Ash Solar is the executive director of Great Oakland Public Schools, a key member of the Oakland Achieves coalition of advocacy groups and foundations that facilitated and supported this work. He says, “Oakland Achieves reported on cradle-to-career metrics before, looking at outcomes like academic proficiency and graduation rates citywide. But as a community, we realized we also needed common data on spending and student need. That way, if someone stands up in a board meeting and says, for example, that charters serve no special-needs students, we can all refer to the same number. This analysis is not the end of the process — it’s the beginning.”
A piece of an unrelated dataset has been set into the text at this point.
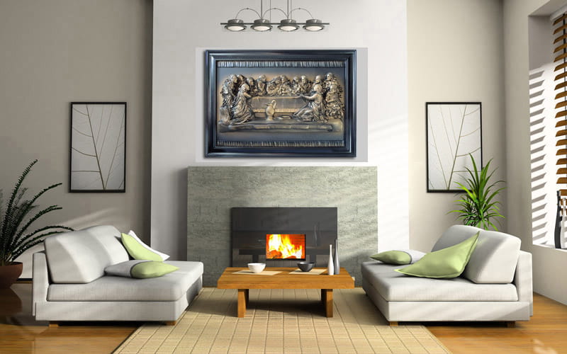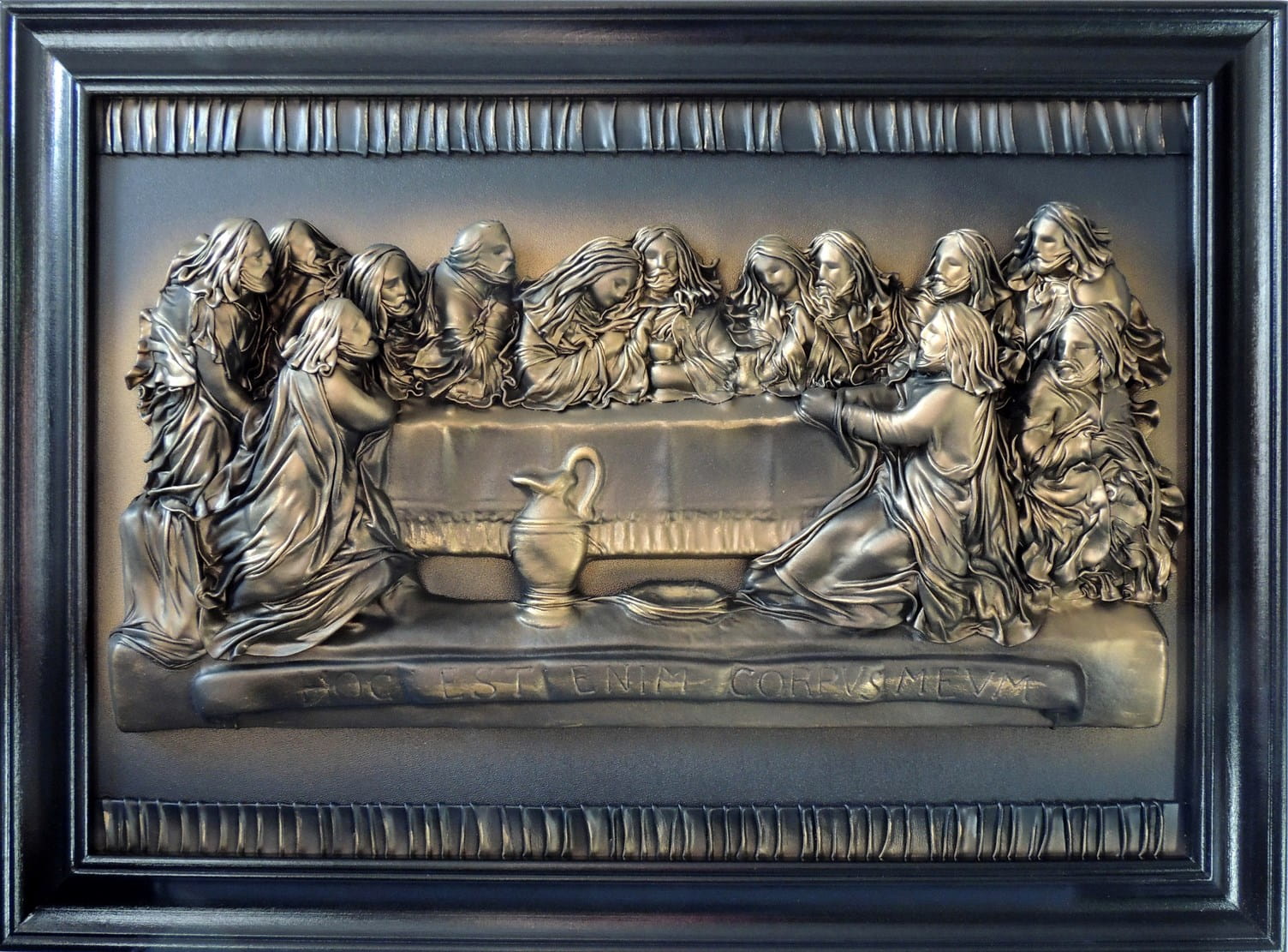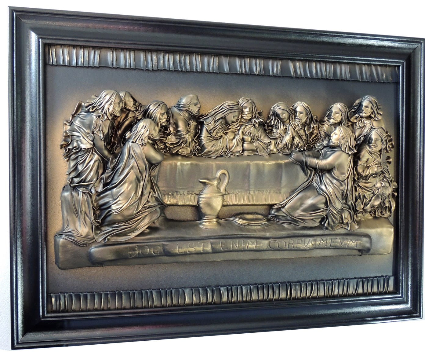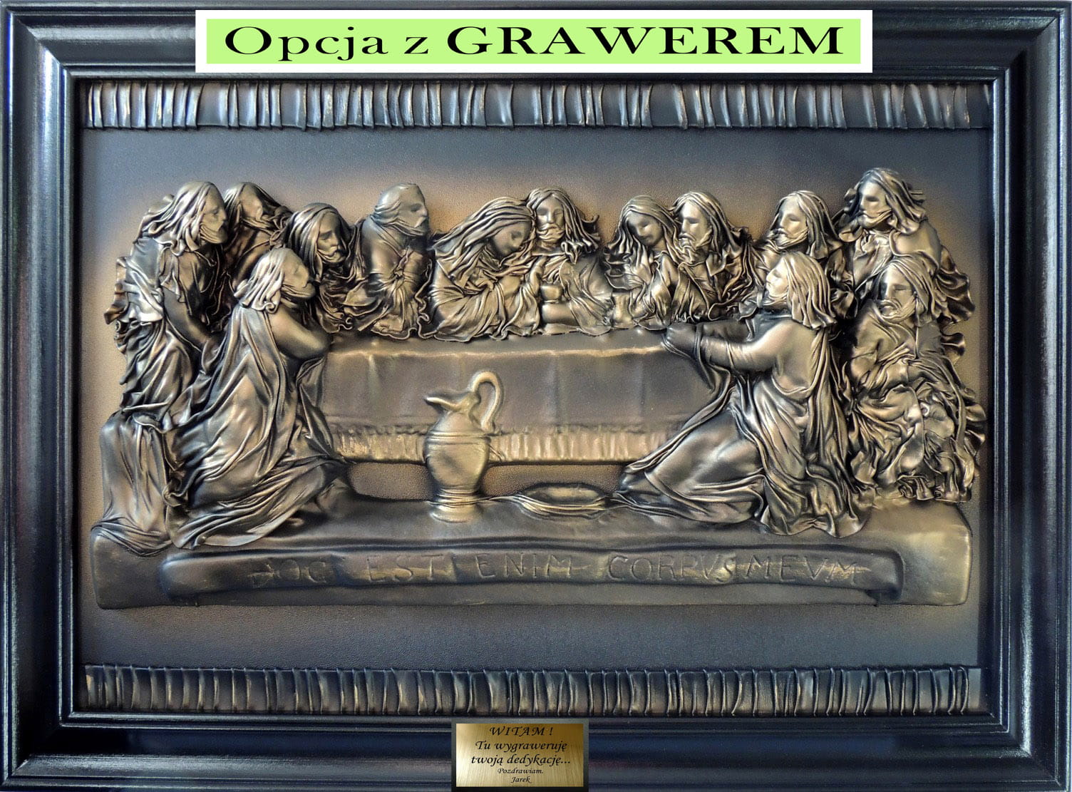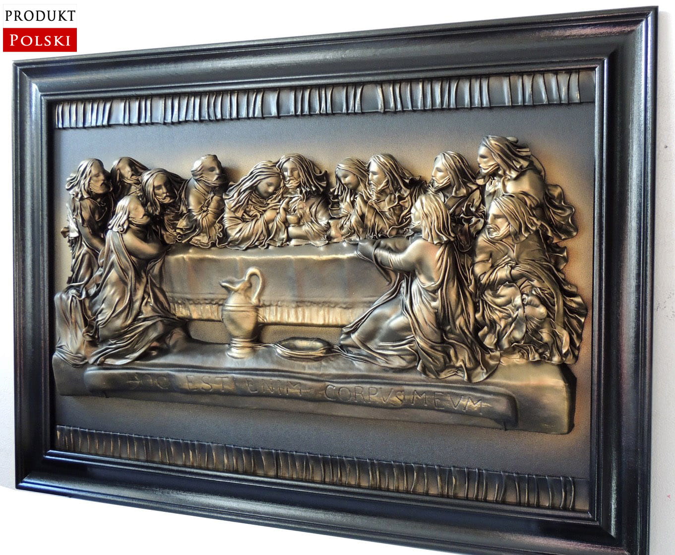 Duży obraz Ostatnia Wieczerza - czarno - mosiężny w drewnianej ramie s8-7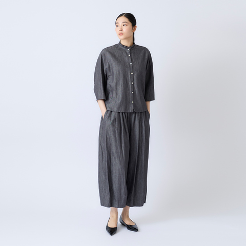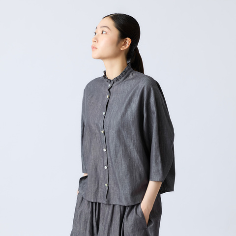 スタンドカラーにあしらったフリルが、やわらかな印象を添えています。

Oakland Achieves partnered with Education Resource Strategies (ERS), a nonprofit that works with leading-edge schools and systems to analyze and transform resource use. ERS had previously helped Oakland Unified School District assess its spending patterns and identify opportunities to allocate resources more strategically. Oakland Unified was game to expand on that analysis with a citywide lens, and motivated by a shared moral imperative, the vast majority of Oakland’s charter operators — 32 of 37 charters, serving 88% of Oakland charter school students — agreed to participate as well.
Over the months of the project, a steering committee of district leaders, charter leaders, and education advocates poured over data, asking insightful questions and serving as true thought partners in ERS’ work. This kind of collaboration was possible in part because of all parties’ commitment to full confidentiality prior to publication of the final report. This created a culture of trust that allowed participants to have open, frank dialogue about potentially contentious issues.
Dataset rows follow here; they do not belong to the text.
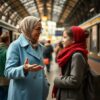 • Composition: Medium shot, slightly off-center framing with the woman on the right and the child on the left, creating a dynamic asymmetry. The subjects are positioned in the foreground, occupying the majority of the frame. The background is blurred, providing a soft contrast to the sharp focus on the subjects.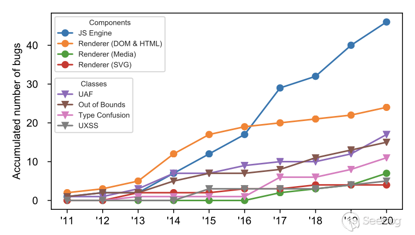 圖7. 被利用的瀏覽器組件和錯誤類別的趨勢. 數據包括來自所有瀏覽器的錯誤. 線上是累積的數量. JavaScript引擎和UAF錯誤分別主導了被利用的bug組件和漏洞類型。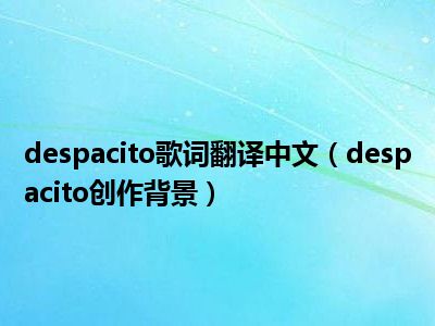 欢迎观看本篇文章,小升来为大家解答以上问题。despacito歌词翻译中文,despacito创作背景很多人还不知道,现在让我们一起来看看吧!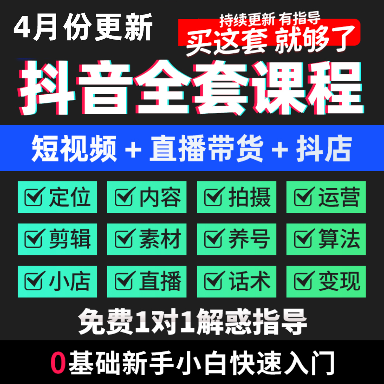 短视频抖音运营教程直播带货话术文案素材自媒体剪辑教程抖音课程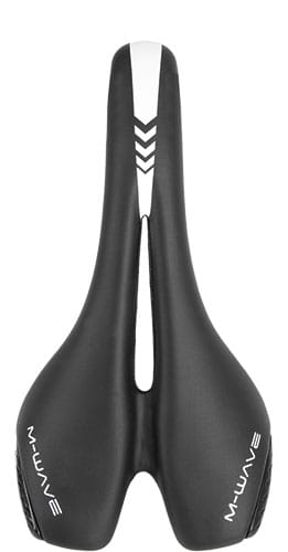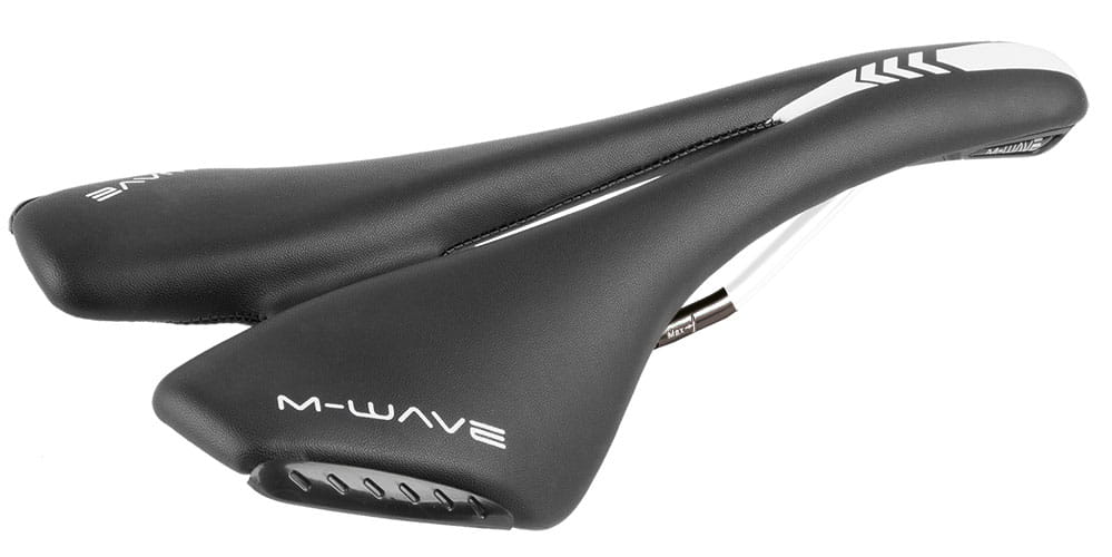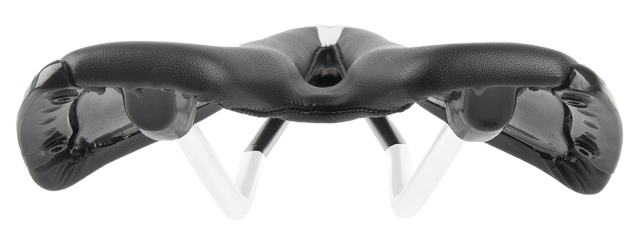 • siodełko sportowe, MTB • V-Design • otwór w konstrukcji siodełka poprawiający komfort • wypełnienie: Litht foam – lekka pianka • boczne wzmocnienia • materiał pokrycia: PU • materiał prętów: CrMo z podziałką (Biało-Czarne-Białe) • wymiary: 280 x 144 mm • waga: 312 g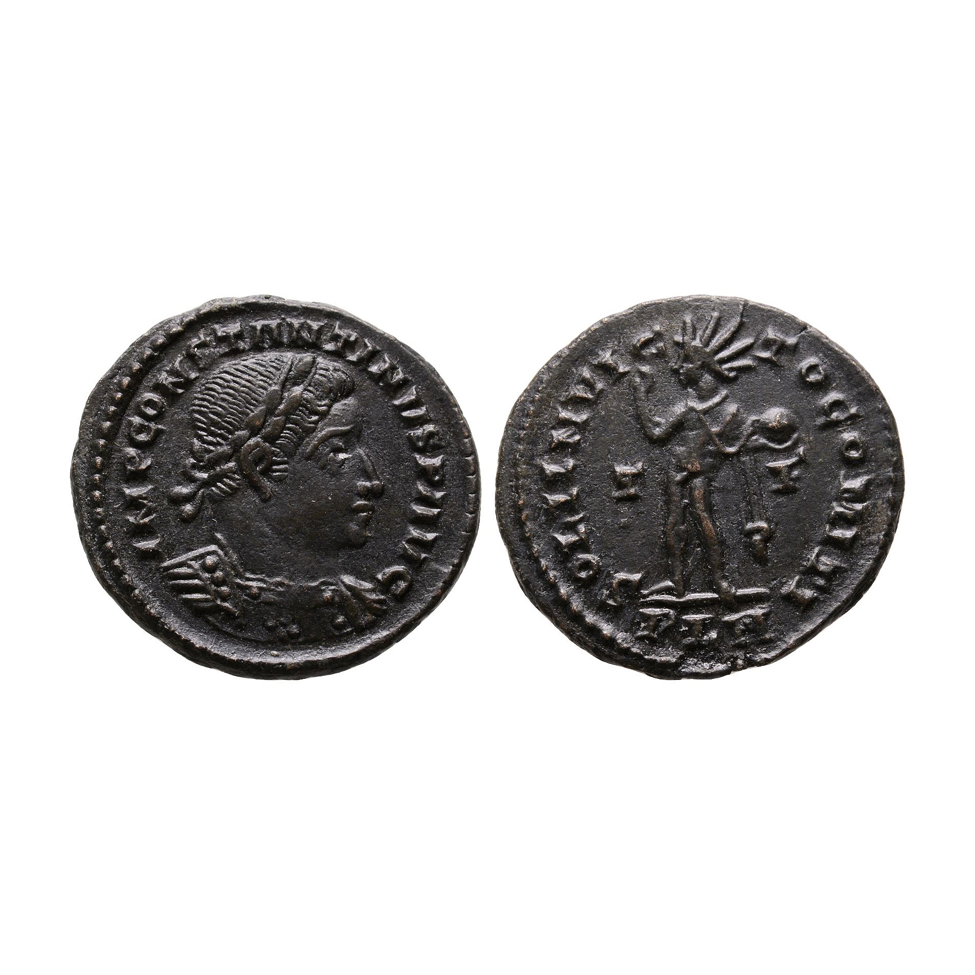 Obv: IMP CONSTANTINVS P AVG, laureate and cuirassed bust right. Rev: SOLI INVICTO COMITI T-F, Sol standing left, chlamys falling from left shoulder, holding globe and raising right hand, mintmark PLN. 4.42 grams, 23 mm.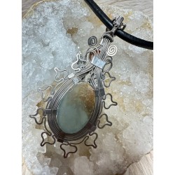 Réalisé en wire-wrapping, ce bijou présente un design filigrané aux formes organiques, inspiré des énergies solaires et des mouvements naturels.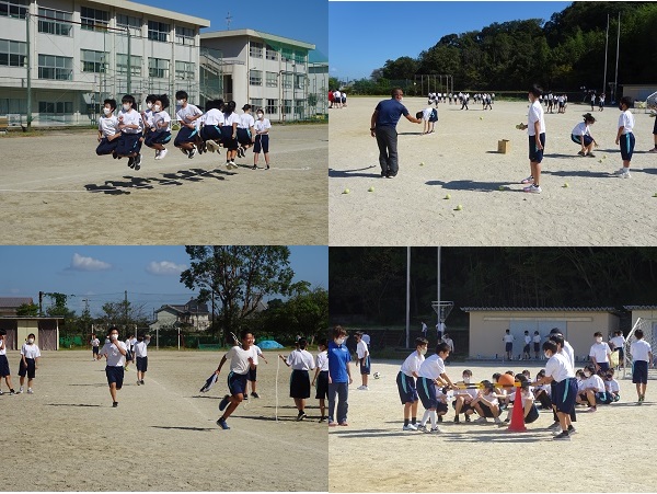 10月14日(木)開催の体育祭に向けて、各学年、体育祭の練習が始まっています。今年度も規模を縮小しての開催となるため、多くの時間を保健体育の授業を中心に行います。今年度は、「全員リレー」と「学年種目」の他に1学年3つに分かれての「小集団種目」(1人1種目)も行います。生徒の皆さんは、約1か月以上部活動も行っていないので、ケガに気を付けて徐々に全力で運動できるよう体を慣らしていってほしいと思います。写真は、本日5限目の1・2年生の体育の授業です。

The report, Informing Equity: Student need, spending, and resource use in Oakland Public Schools, highlights several differences between the sectors. Though both served a similar share of students who are low-income or English learners, Oakland Unified had a greater share of students receiving special education services, those who enter school later in the year, and those who enter middle and high school further behind academically. District-run schools also placed a greater share of special education students in more restrictive and costlier settings.
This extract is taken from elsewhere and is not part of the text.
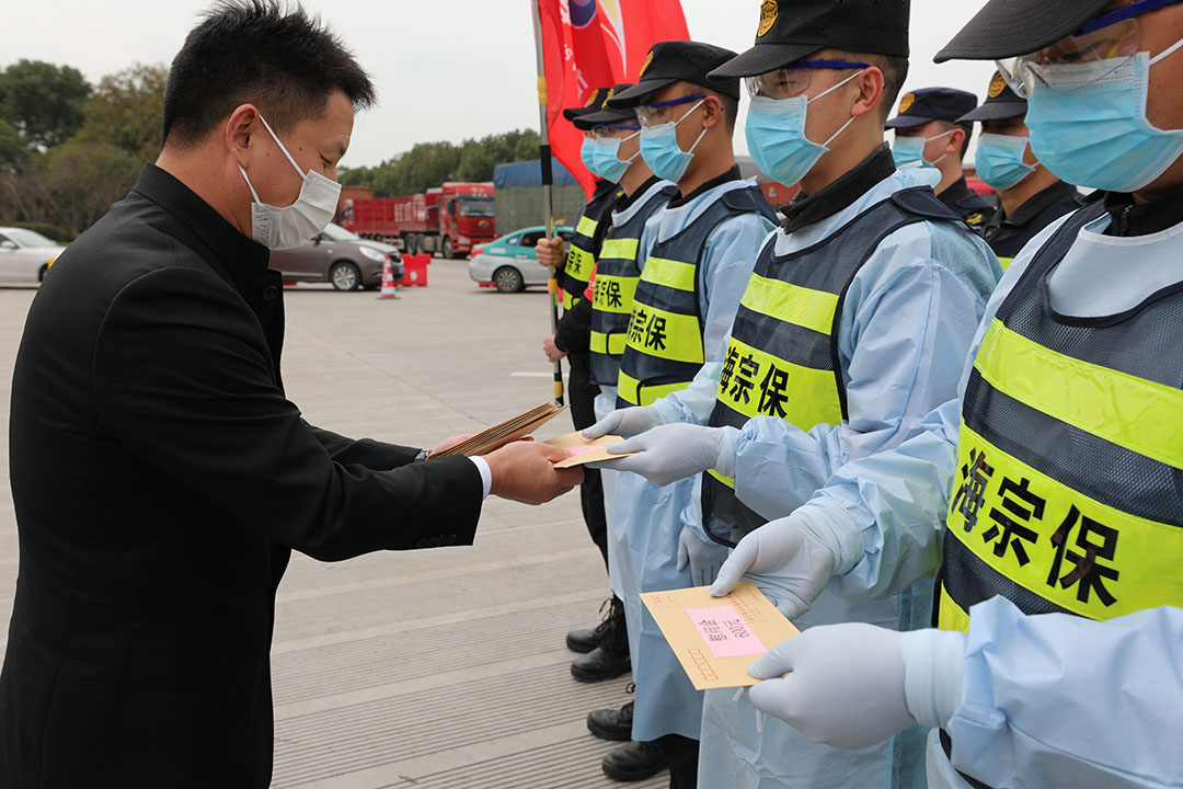 3月3日12時30許,宗保公司領(lǐng)導(dǎo)到G60楓涇收費(fèi)站看望慰問奮戰(zhàn)在疫情防控一線的公司退役軍人突擊隊隊員。松江區(qū)退役軍人事務(wù)局局長丁汀等領(lǐng)導(dǎo)到現(xiàn)場,一同參與慰問。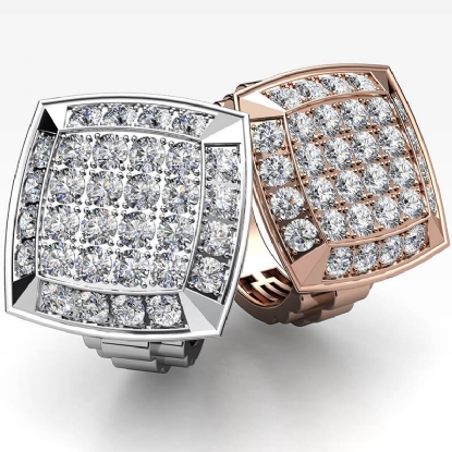 Handsome & modern halo style cluster diamond men's signet ring handcrafted in 18k Rose Gold. This beautiful high polished ring features brilliant round cluster diamonds in a micro pave setting. Also available in 14k & 18k white gold, yellow gold, rose gold and platinum 950. If you don't find your desired jewelry, please don't hesitate to contact our designer to make your custom jewelry design (3Ct. tw.)

On paper, the district spent $2,800 more per pupil than the average charter school on operating expenses (those that directly support the ongoing operation of, and support to, schools). But when ERS adjusted that number to account for some differences in student need (e.g., low-income, English learner, and special education status), the per-pupil spending gap fell to $1,400. Furthermore, Oakland charter schools had 14% more contractually required teacher time per day, on average, than did district-run schools. And, the two sectors spent differently in areas like special education, teacher compensation, and central office positions, including leadership and business services.
The report makes no claim as to whether these differences are equitable; that is the conversation now to come.
Education leaders across Oakland are already identifying opportunities to make equity-focused changes that will improve access to excellent schools for all Oakland students. Some charters have committed to reserving more seats for high-needs applicants and latecomers; others are working with Oakland Unified on special education placement and service improvements; there are discussions about advocating before the state for a more effective special education funding model. Oakland Unified’s new superintendent, Kyla Johnson-Trammel, says, “The report confirms that we have to do more to provide equitable opportunities in our schools, and it provides a foundation for educators across Oakland to work together to better serve students.”
Oakland Unified is moving forward on planning to create a more effective and efficient school portfolio. The city’s cross-sector Equity Pledge Group is also committed to using this report to accelerate its efforts.
Although the collaboration’s final impact remains to be seen, Solar says that coming together to look unflinchingly at key data — moving from assumption to facts — is a crucial step in creating momentum for change. “Before,” he says, “if there was inequity of resources, we could say, ‘Well, we didn’t know.’ Now, we all know, and we have the basis on which to work together to change it.”